Lead story
Anthropic Locked Down Its Most Dangerous AI. Then It Leaked Anyway.
Anthropic spent weeks telling the world that Claude Mythos — its new vulnerability-hunting AI model — was too powerful to release publicly. The company handed early access only to a vetted coalition of tech giants: Apple, Microsoft, Google, Amazon, and a handful of others. The whole point was to give defenders a head start before the model reached adversarial hands. That plan lasted about as long as it took to announce it.
According to Bloomberg, a small group of unauthorised users has had access to Mythos since the day Anthropic first went public about its controlled rollout. The model, which reportedly found more software vulnerabilities than any prior AI system tested, was already circulating beyond the intended ring-fence by the time the press releases hit inboxes. The Verge described the situation bluntly: "humiliating."
The irony is sharp. Anthropic's entire justification for the restricted release was that Mythos was uniquely dangerous — so capable at finding and explaining exploitable bugs that putting it in the open could meaningfully accelerate attacks before defenders had patched anything. That framing now cuts both ways. If the model is as powerful as claimed, someone outside the approved coalition had it on day one. If it isn't, the whole theatrical rollout looks like a PR exercise that misfired.

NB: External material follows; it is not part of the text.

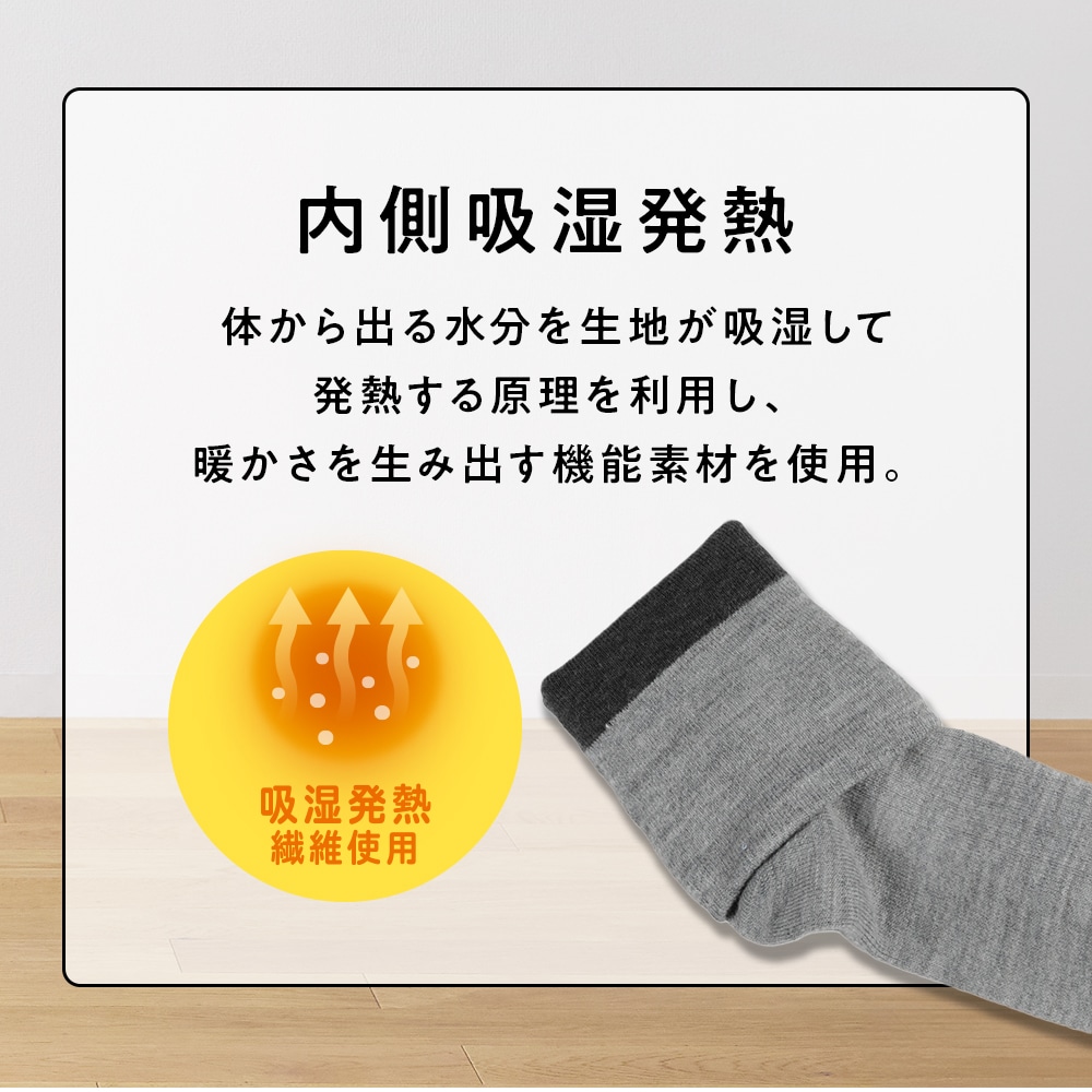 ソックスの内側には吸湿発熱糸を使用。靴のおしゃれを邪魔しない生地の厚みで、秋冬の足元をおしゃれに、快適に。

There's a broader lesson here about how AI labs are trying to manage dual-use risk. Anthropic's approach — controlled access, trusted partners, coordinated patching — is the right instinct. It mirrors how governments handle sensitive intelligence or how the security community manages zero-day disclosure. The problem is that the model for managing AI capability leakage is far less mature than the one for managing software vulnerabilities. There's no CVE process for a leaked language model, and once access credentials spread, you can't un-ring the bell.
Meanwhile, a separate but related story is playing out on the offensive AI research side. Palo Alto Networks published findings on a proof-of-concept they call Zealot — a multi-agent AI system capable of running a full cloud attack autonomously, from initial reconnaissance through to data exfiltration, with minimal human direction. Researchers noted the system moved faster than human defenders could respond and showed more autonomous decision-making than the team expected. It's a PoC, not a weapon in active use — but the gap between PoC and deployment has been shrinking for years.
And while all this was happening, Chinese security firm 360 Digital Security Group claimed its own AI system had uncovered more than 1,000 vulnerabilities, including demonstrations at the Tianfu Cup hacking competition. SecurityWeek noted the claims drew direct comparisons to Mythos, suggesting the race to build AI-powered offensive research tooling is genuinely multinational.
The through-line across all three stories is the same: AI is compressing the exploit window on both sides of the fence. Defenders can find bugs faster. Attackers — or their tools — can find and exploit them faster too. And when the system designed to give defenders an edge leaks before the patching window even opens, the whole asymmetry tips the wrong way.
What to watch: whether Anthropic publicly acknowledges how the Mythos access controls failed, and whether the vetted-coalition model survives as a credible framework for future capability releases. If it doesn't, the next option is either full public release — with all the risks that implies — or indefinite internal lockdown.